# The Phantom Fridge...



## OregonCampin (Mar 9, 2007)

Has anyone else experienced a haunted fridge??

Here is the story - our Outback is camped in our back yard on it's new "pad" and we wander in and out quite a bit (I mean heck - might as well use it since it's so close) - so the DH goes out on Monday just to check things out - make sure it's dry (had some major rain this week), put the riding gear away (went riding last weekend w/o the Outback) and check to make sure the fridge has dried out...... wait - it's not even warmed up yet - ie - the freezer is slightly frozen and the fridge feels cool enough to keep food (it hasn't been on for 8 days by now and is open). Check the switch - it's off... check the gas - it's off... trailer is not plugged in. HUM.... so we leave it propped open thinking a couple cool wet days in the valley probably has something to do with it.

So - last night the DH goes out to check it again - it COLDER now! More ice in the freezer and the fridge fins are frosty. Do we have a ghost????? Anyone???


----------



## CamperAndy (Aug 26, 2004)

If not plugged in and BOTH gas bottles are shut off then you have a stumper for sure.


----------



## OutbackPM (Sep 14, 2005)

CamperAndy said:


> If not plugged in and BOTH gas bottles are shut off then you have a stumper for sure.

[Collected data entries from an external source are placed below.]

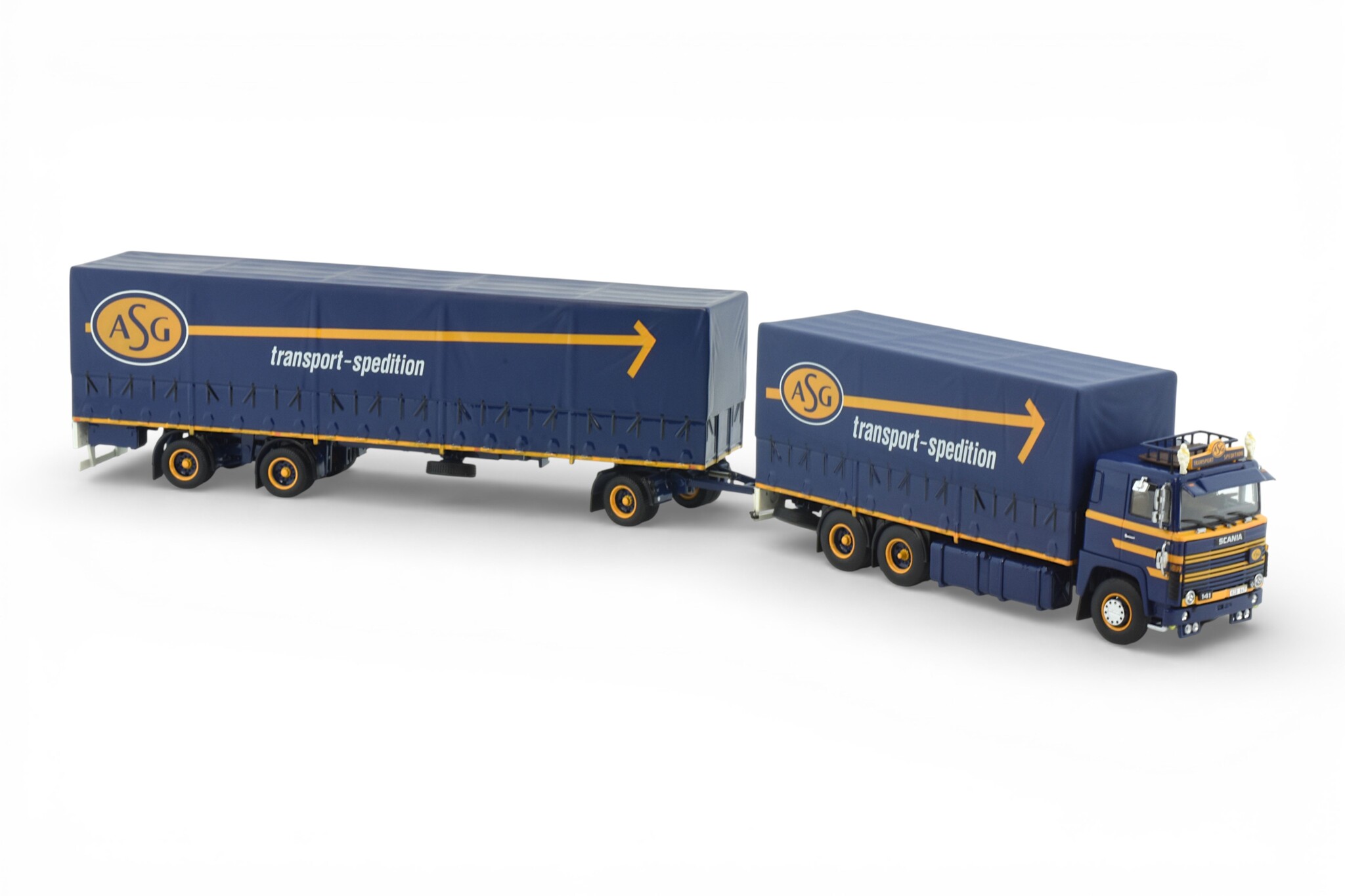 Review Tekno Scania 141 riged truck wit 2-axle Swedish (resin) trailer - Packed in luxury ASG giftbox ASG - SIGURDSSON
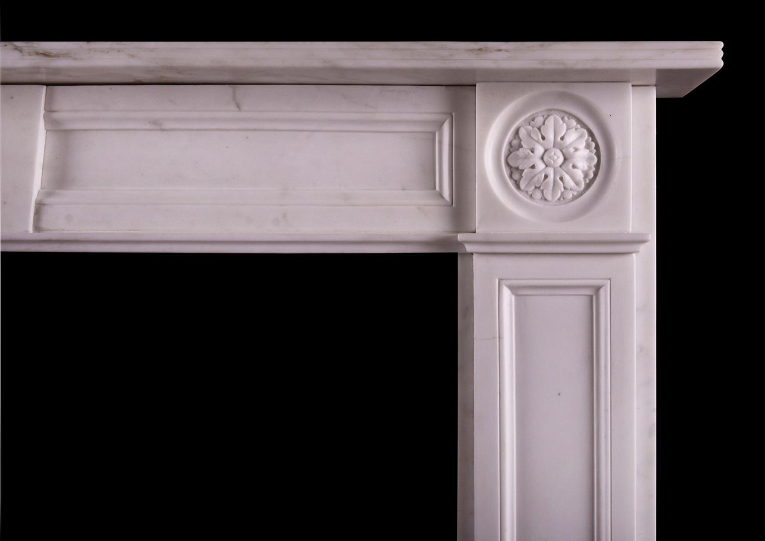 A white marble fireplace in the Regency style. The panelled jambs surmounted by matching frieze with keystone to centre, flanked by end blocks carved with rosette paterae. English, early 20th century.
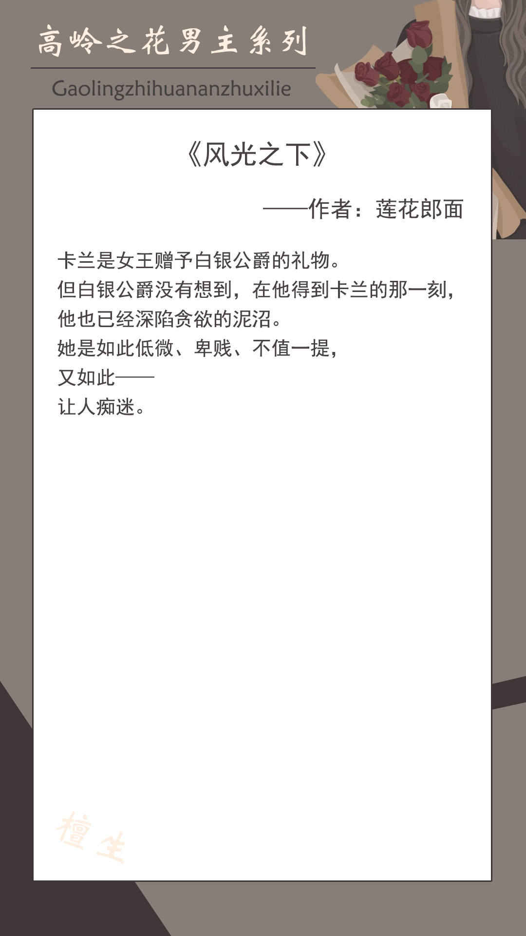 第五本:《风光之下》作者:莲花郎面
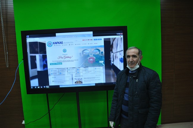 Sistemi tanıtan Kafkas Üniversitesi Rektörü Prof. Dr. Hüsnü Kapu daha sonra canlı yayında olan bir sınıfın dersine girerek öğrencilere “evde kal” çağrısında bulundu.
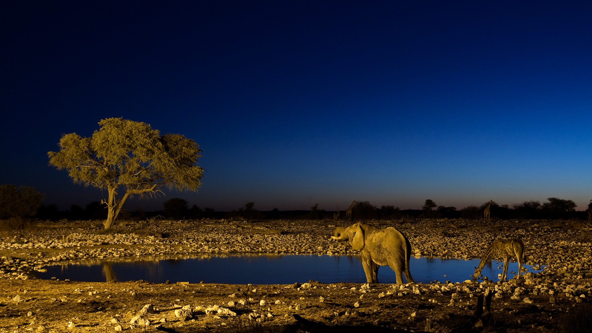 Słoń i żyrafa przy wodopoju nocą w Afryce
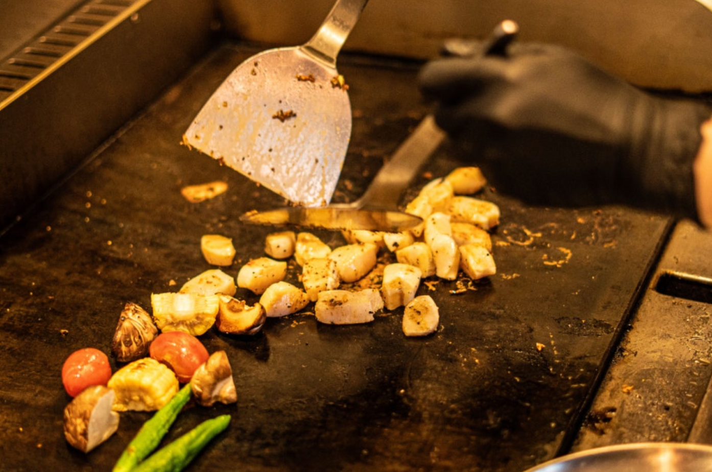 대형 철판 위에서 펼쳐지는 라이브 조리 퍼포먼스가 이 집의 시그니처입니다.
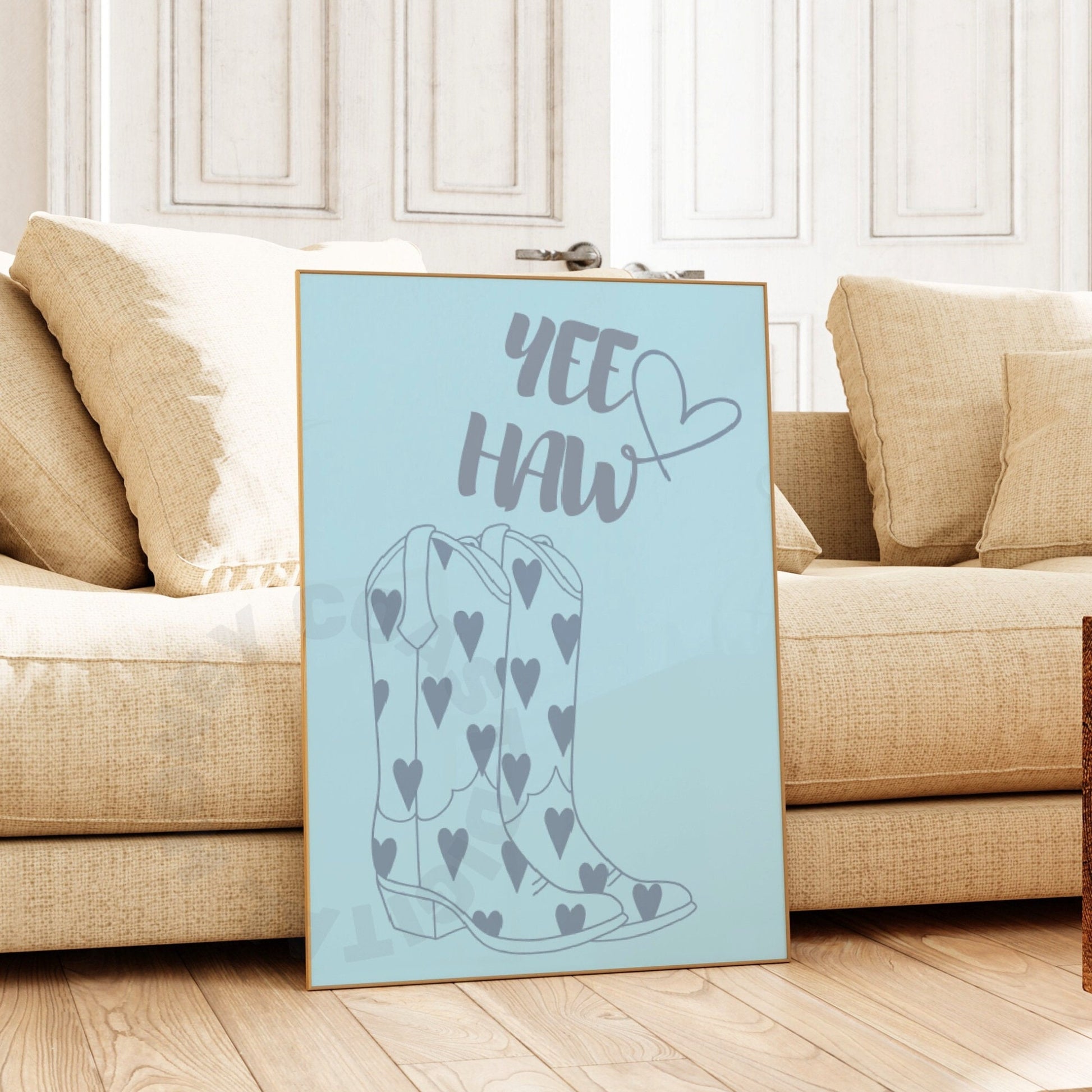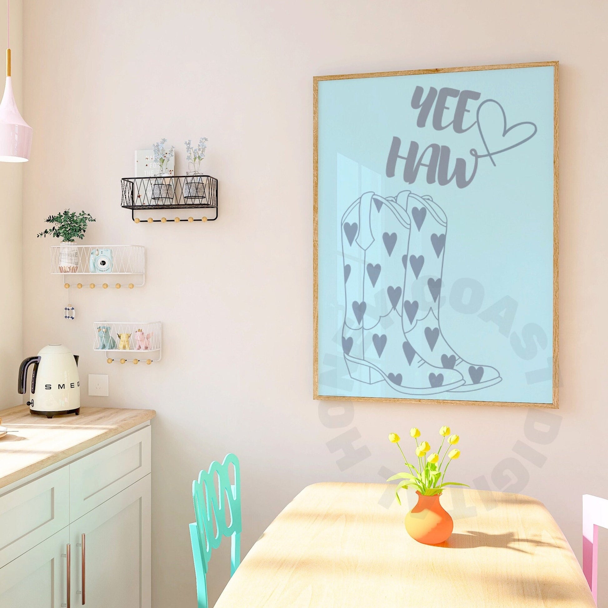 Kick off your cowboy boots and grab your surfboard, we have just the trendy wall print you need to spice up your preppy apartment even more! Coastal Cowgirl Typography digital poster can definitely add some fresh and fun coastal cowgirl flair to your home, dorm, office, or bar. Everyone knows you work hard, so let's show them you know how to play hard as well!

 camperAndy is right I think you will find the gas is on but I think you also need a good battery charge to stay on.


----------



## ED_RN (Jun 25, 2006)

It must be getting propane somehow. It won't run on 12 volt and even if it did especially with the door open it would toast the batteries in less than a day.


----------



## kyoutback (Jul 12, 2004)

Yep, definately ghosts you need to call these guys.








Ghost Hunters


----------



## NDJollyMon (Aug 22, 2003)

Same here. My fridge feels cold inside when stored too. (no gas/no power) I've not seen any moisture or frost on the fins, however.
I've always just written it off to it being the stored ammonia.

Now it's been recalled.


----------



## kmcfetters (May 7, 2005)

now thats weird







never heard of that. Usually takes forever to get frozen.Especially with the door open.


----------